# ACTIVITY:
Each line of data below is to be returned exactly, leaving out any picture.

** Opening INFORMATION SHOWN block **

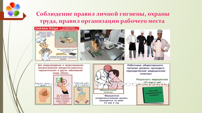 Слайд 6Соблюдение правил личной гигиены, охраны труда, правил организации рабочего места
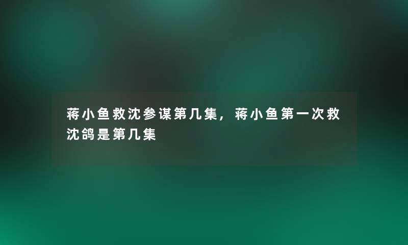 大家好,我是喜欢看电视剧的小鱼儿,今天要和大家分享一集让我印象深刻的《蒋小鱼救沈参谋》。这一集发生在《蒋小鱼》第八季的第十五集,是整个剧情中的一个转折点。
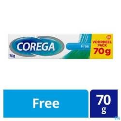 Corega Free maakt deel uit van het Corega gamma kunstgebitkleefmiddelen zonder smaak. Het is vrij van zink en artificiële kleuren.
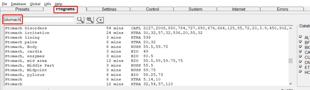 Stap 3: Ga naar het tabblad Programs, zoek naar ‘Stomach’ en kies de gewenste programma’s.
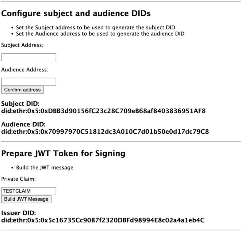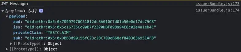 Você pode substituir facilmente os padrões desses 3 campos por meio da interface do usuário ou alterando as variáveis relevantes no código (subjectAddress, audienceAddress, privateClaim). Em particular, precisaremos acessar as chaves privadas do sujeito para assinar transações on-chain na seção opcional a seguir. Ao construir a mensagem JWT, você deve ver o objeto impresso no console do navegador:
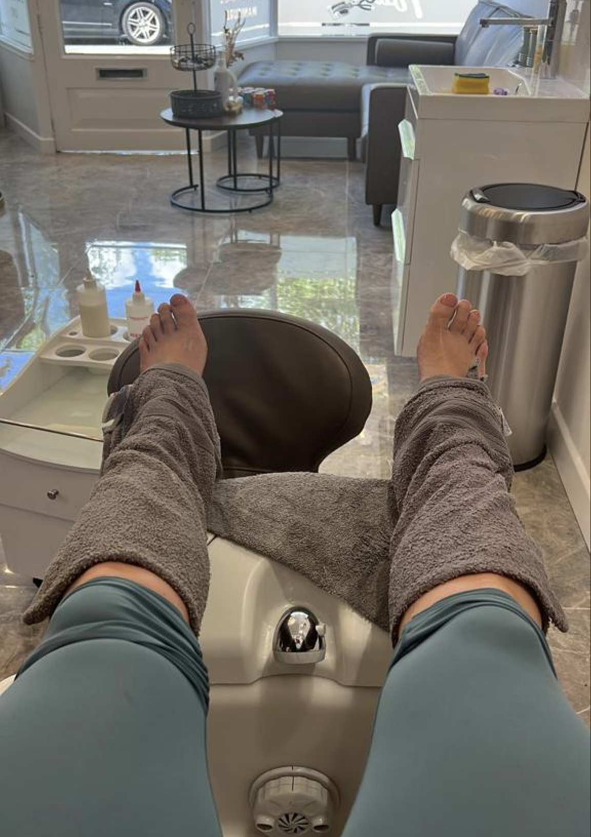 I messaged the gym first thing to let them know I wouldn’t be able to make the morning class because of the contractions. I decided to just carry on with my plans for the day, but I felt like going to a weightlifting class at F45, probably wasn’t the wisest idea. I met up with my friend, Ali for a dog walk around the racecourse mid-morning, who was in as much disbelief as me that I might be in early labour. Contractions had become less frequent whilst walking but seemed to return on the drive home. I went to lunch with another friend, before going to a nail appointment with my mum at 2pm. It was whilst I was at the nail salon that the contractions became more frequent and slightly more intense. I started practicing my breathing, as it had become strong enough to make me wince. I also thought it might be the right time to text my Doula with a heads up, as she was coming from Cirencester.

** Closing INFORMATION SHOWN block **

# FINISHED TASK:
 Слайд 6Соблюдение правил личной гигиены, охраны труда, правил организации рабочего места
 大家好,我是喜欢看电视剧的小鱼儿,今天要和大家分享一集让我印象深刻的《蒋小鱼救沈参谋》。这一集发生在《蒋小鱼》第八季的第十五集,是整个剧情中的一个转折点。
 Corega Free maakt deel uit van het Corega gamma kunstgebitkleefmiddelen zonder smaak. Het is vrij van zink en artificiële kleuren.
 Stap 3: Ga naar het tabblad Programs, zoek naar ‘Stomach’ en kies de gewenste programma’s.
 Você pode substituir facilmente os padrões desses 3 campos por meio da interface do usuário ou alterando as variáveis relevantes no código (subjectAddress, audienceAddress, privateClaim). Em particular, precisaremos acessar as chaves privadas do sujeito para assinar transações on-chain na seção opcional a seguir. Ao construir a mensagem JWT, você deve ver o objeto impresso no console do navegador:
 I messaged the gym first thing to let them know I wouldn’t be able to make the morning class because of the contractions. I decided to just carry on with my plans for the day, but I felt like going to a weightlifting class at F45, probably wasn’t the wisest idea. I met up with my friend, Ali for a dog walk around the racecourse mid-morning, who was in as much disbelief as me that I might be in early labour. Contractions had become less frequent whilst walking but seemed to return on the drive home. I went to lunch with another friend, before going to a nail appointment with my mum at 2pm. It was whilst I was at the nail salon that the contractions became more frequent and slightly more intense. I started practicing my breathing, as it had become strong enough to make me wince. I also thought it might be the right time to text my Doula with a heads up, as she was coming from Cirencester.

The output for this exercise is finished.